(Collection entries)
++++++++

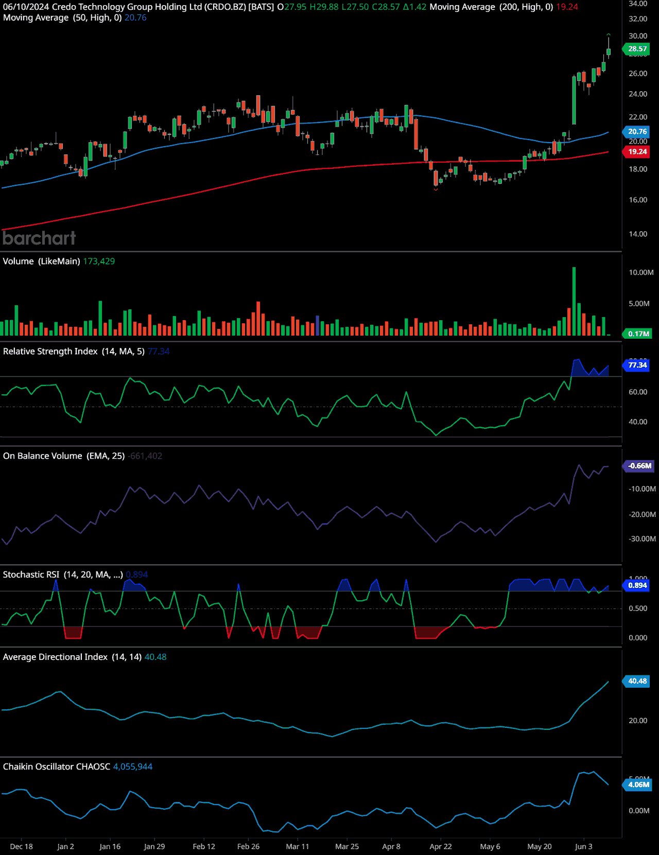 - The stock is in a strong upward trend, supported by high volume and confirmed by both OBVThe On Balance Volume indicator (OBV) is a technical analysis tool used to measure the flow of money into and out of a security over a specified period of time. It is a cumulative … More and ADXThe Average Directional Index (ADX) stands as a cornerstone indicator in the toolkit of technical traders, offering insights into the strength of market trends. Developed by Welles… More.
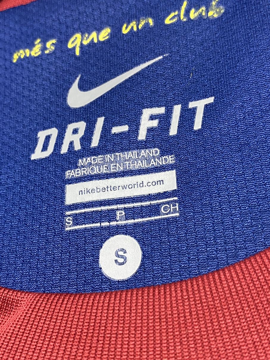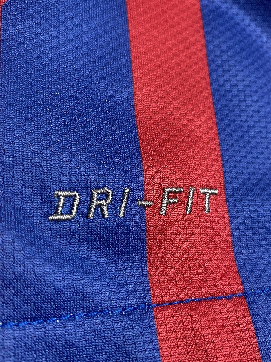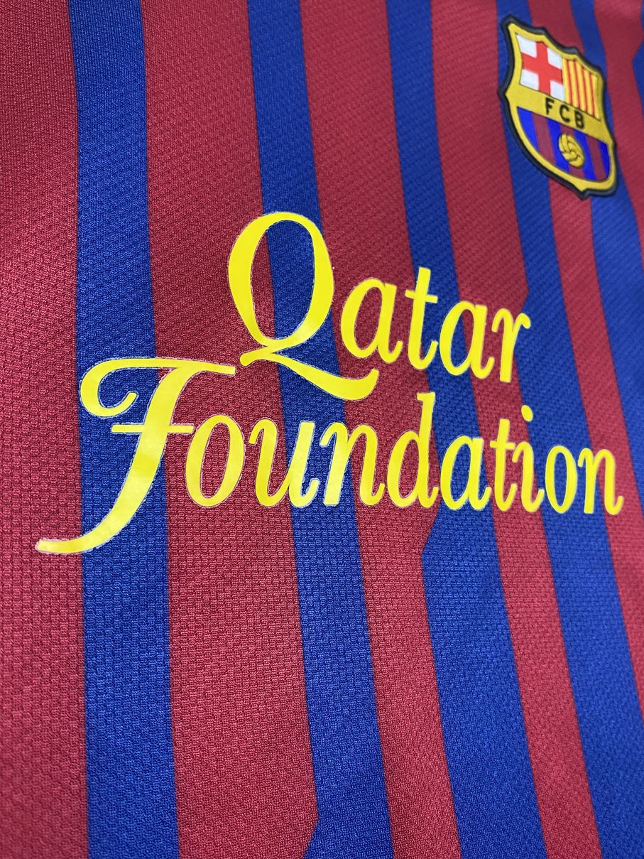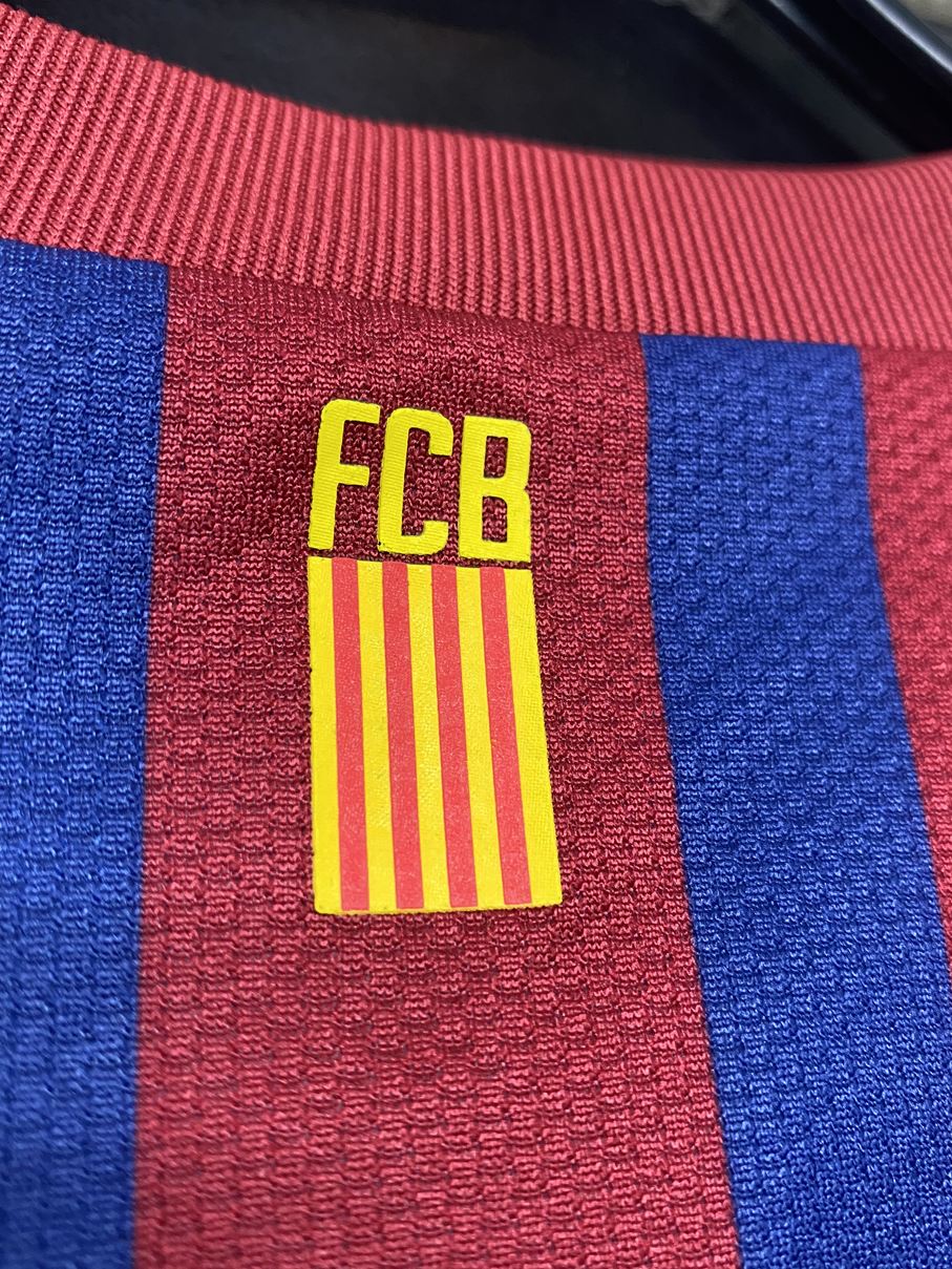 伝統的な「アスルグラナ(青とエンジ)」を忠実に守りつつ、現代的でシャープな印象を与える細めのストライプを採用したホームモデル。胸スポンサーロゴが「カタール財団」に変更になり、「ユニセフ」ロゴは背中側に圧着されています。
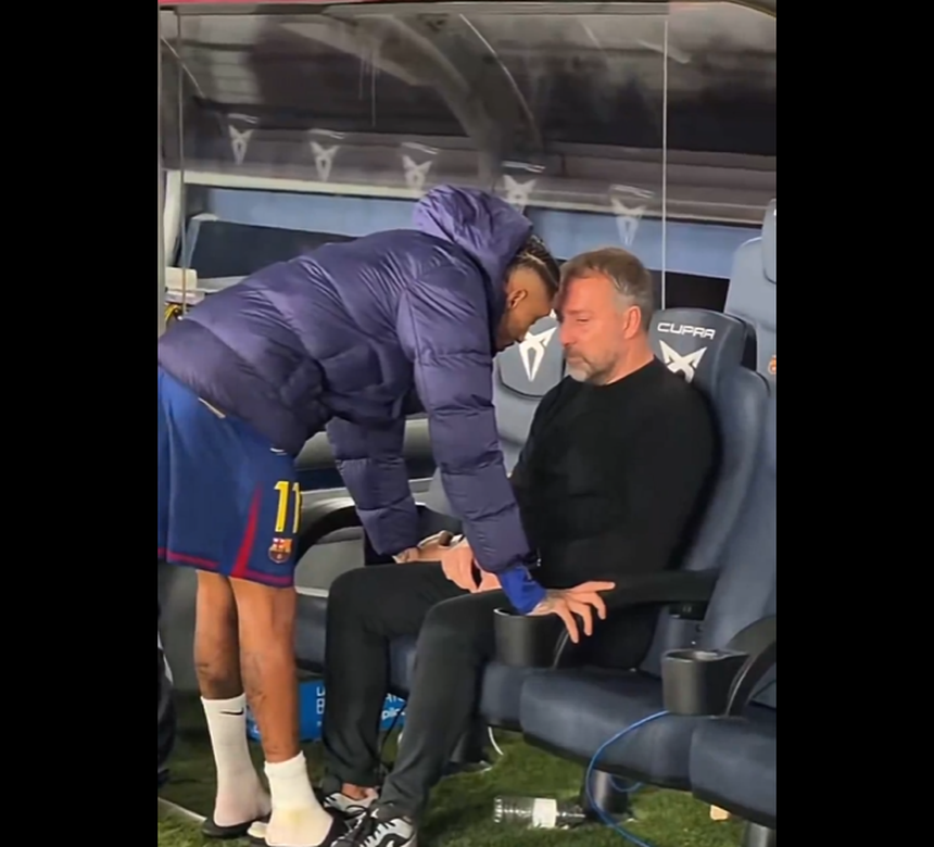 Aquando do apito final do árbitro, Flick, treinador do Barça, ficou sentado no banco de suplentes, com ar abatido. Num momento captado pelas câmaras, e que ficou viral nas redes sociais, foi Raphinha, antigo extremo do Sporting e do Vitória de Guimarães, a confortar o próprio técnico germânico.
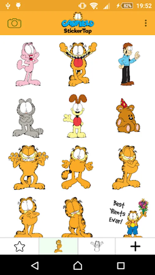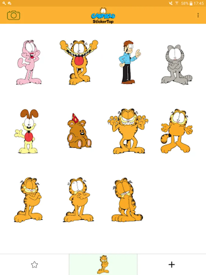 Welcome to Garfield StickerTap, the official Garfield app for sending messages and sharing photos featuring Garfield and his friends. Garfield StickerTap combines the functions of a sticker app and photo app into a single app. Best of all the app is available as a FREE download! Who doesn't love FREE stuff?
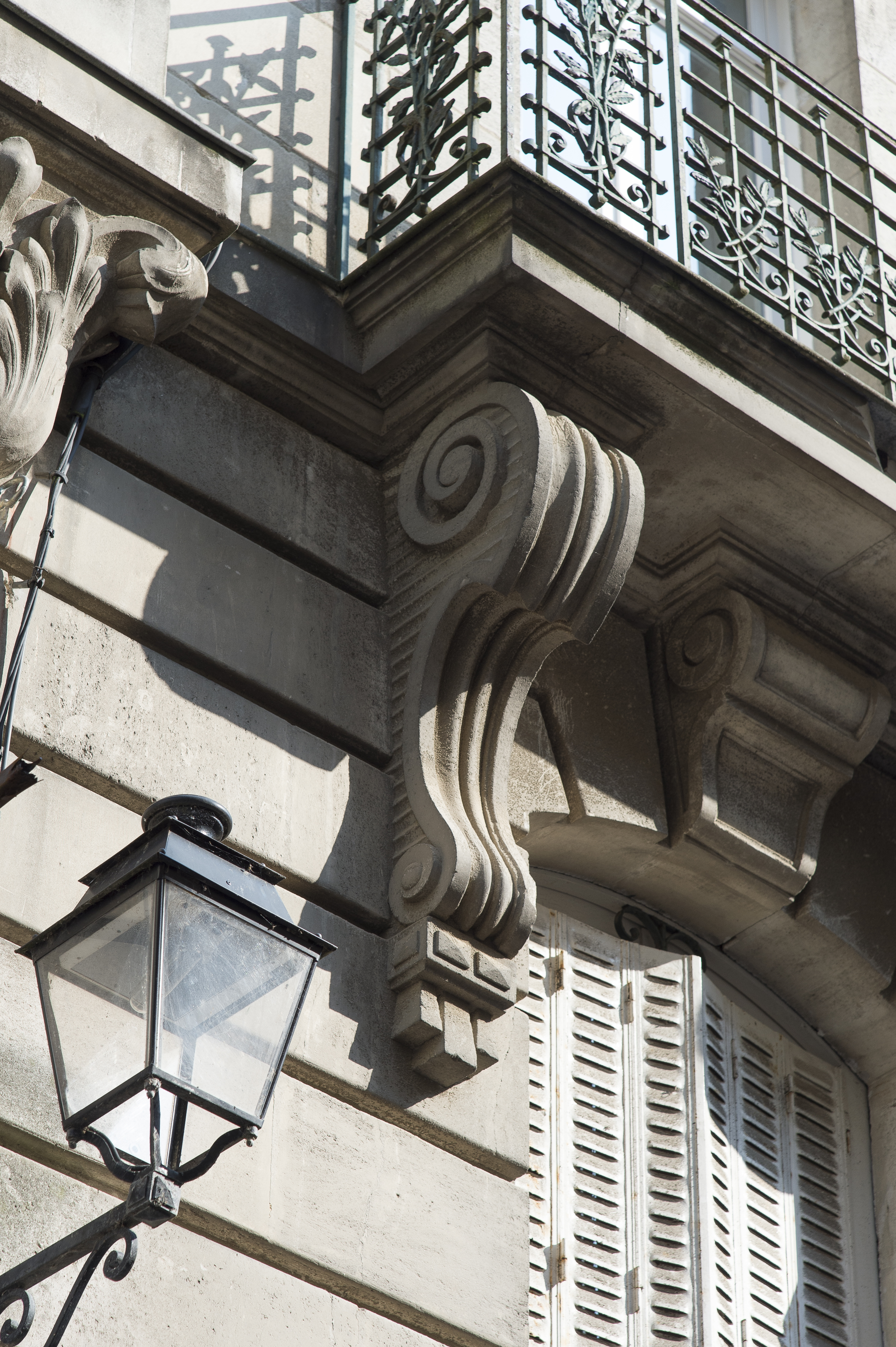 Façade nord, deuxième étage, balcon, consoleImmatriculation

++++++++

▶ _Your instructions_: Nothing may be altered when you restate the records, but every picture must be dropped.

▶ _Response area_:
 - The stock is in a strong upward trend, supported by high volume and confirmed by both OBVThe On Balance Volume indicator (OBV) is a technical analysis tool used to measure the flow of money into and out of a security over a specified period of time. It is a cumulative … More and ADXThe Average Directional Index (ADX) stands as a cornerstone indicator in the toolkit of technical traders, offering insights into the strength of market trends. Developed by Welles… More.
 伝統的な「アスルグラナ(青とエンジ)」を忠実に守りつつ、現代的でシャープな印象を与える細めのストライプを採用したホームモデル。胸スポンサーロゴが「カタール財団」に変更になり、「ユニセフ」ロゴは背中側に圧着されています。
 Aquando do apito final do árbitro, Flick, treinador do Barça, ficou sentado no banco de suplentes, com ar abatido. Num momento captado pelas câmaras, e que ficou viral nas redes sociais, foi Raphinha, antigo extremo do Sporting e do Vitória de Guimarães, a confortar o próprio técnico germânico.
 Welcome to Garfield StickerTap, the official Garfield app for sending messages and sharing photos featuring Garfield and his friends. Garfield StickerTap combines the functions of a sticker app and photo app into a single app. Best of all the app is available as a FREE download! Who doesn't love FREE stuff?
 Façade nord, deuxième étage, balcon, consoleImmatriculation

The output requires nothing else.